— Я хочу, чтобы вы прослушали отличные пластинки! — И он гордо добавил: — У меня есть граммофон!
Он подошел к граммофону, выбрал в кожаном футляре пластинку, повертел ручку, поставил на край пластинки иглу и посмотрел вокруг суровым взором. Мы все застыли в ожидании.
— Это китайская пластинка, — сказал он.
Это была пластинка Лингафона: гнусавый голос подарил нам урок китайского произношения, которому мы внимали в религиозном молчании. Потом Якко Леппо переменил пластинку, покрутил завод и объявил: «Пластинка хиндустани!» Это был урок произношения хиндустани, который мы прослушали также в глубокой тишине.
Затем наступил черед нескольких уроков турецкой грамматики, потом серия уроков арабского произношения и, наконец, пять уроков японской грамматики и произношения. Все мы молчали и слушали.
— И напоследок, — заявил Якко Леппо, крутя завод, — я вам поставлю чудеснейшую пластинку!
Это был урок французского произношения. Профессор Института Лингафон гнусаво читал «Озеро» Ламартина[368], «Озеро» Ламартина все целиком. Мы слушали в религиозном трансе. Когда гнусавый голос умолк, Якко Леппо растроганно осмотрелся вокруг и сказал:
— Моя жена заучила наизусть эту пластинку. Не откажи нам, дорогая!

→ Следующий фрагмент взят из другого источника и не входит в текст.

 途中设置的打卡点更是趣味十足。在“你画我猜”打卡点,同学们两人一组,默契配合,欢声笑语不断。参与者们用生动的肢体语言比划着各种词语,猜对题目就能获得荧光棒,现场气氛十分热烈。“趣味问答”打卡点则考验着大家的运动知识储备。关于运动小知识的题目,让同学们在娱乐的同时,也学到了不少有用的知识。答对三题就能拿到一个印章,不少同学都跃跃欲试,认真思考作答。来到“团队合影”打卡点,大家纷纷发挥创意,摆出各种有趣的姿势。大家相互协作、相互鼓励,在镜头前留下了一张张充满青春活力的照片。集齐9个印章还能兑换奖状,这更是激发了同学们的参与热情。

Лиззи Леппо встала, медленно прошла через комнату; остановилась рядом с граммофоном, откинула голову, подняла руки и, глядя в потолок, начала декламировать «Озеро» Ламартина; снова все «Озеро», с тем же произношением, тем же гнусавым голосом, что и профессор Института Лингафон.
— Чудесно, не правда ли? — растроганно спросил Якко Леппо.

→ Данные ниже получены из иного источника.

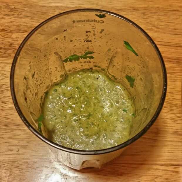 Una vez el pimiento asado y lo suficientemente fresco, cortar los tallos y se mezclan con los tomatillos, el líquido en la cacerola de la asación y el cilantro. Puede que necesite añadir unas cucharadas de caldo.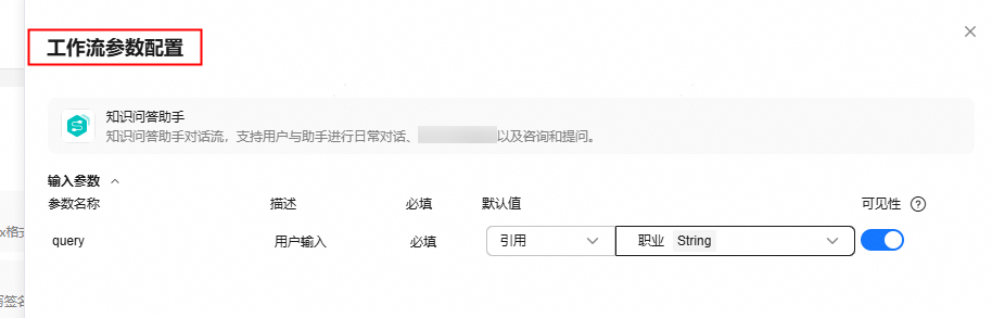 · Agent引用工作流、插件时支持参数配置:可配置参数默认值对值比较稳定的参数,例如密钥等,支持隐藏可见性

Было уже пять часов утра. Я забыл, что происходило после, до тех пор, пока мы с де Фокса не очутились на улице. Стоял волчий холод. Ночь была светлая. Снег тихо сверкал мягким серебряным блеском. Когда мы дошли до моей гостиницы, де Фокса пожал мне руку и сказал: «Малианне!» Я ответил ему: «Малианне!» Шведский посол Вестманн ждал нас в своей библиотеке, сидя у окна. Серебристый отблеск ночного снега таял в полутьме библиотеки, в теплой полутьме цвета кожи, которому книжные переплеты придавали мягкое золотое трепетание. Свет вдруг сразу усилился, освещая высокий и тонкий силуэт посла Вестманна, ясный и отчетливый, как рисунок, гравированный на старом шведском серебре. Его жесты, словно замороженные в этом воздухе тихим усилением света, медленно таяли, слегка смягченные, и его маленькая голова, прямые и сухие плечи, как мне на мгновение показалось, обладали холодной неподвижностью мраморных бюстов шведских королей, выстроенных в линию на высоких дубовых цоколях библиотеки. Посеребренные волосы бросали на его широкий лоб мертвенный мраморный отсвет, и на его благородном и суровом лице блуждала ироническая улыбка, вернее, тень, тревожная тень улыбки.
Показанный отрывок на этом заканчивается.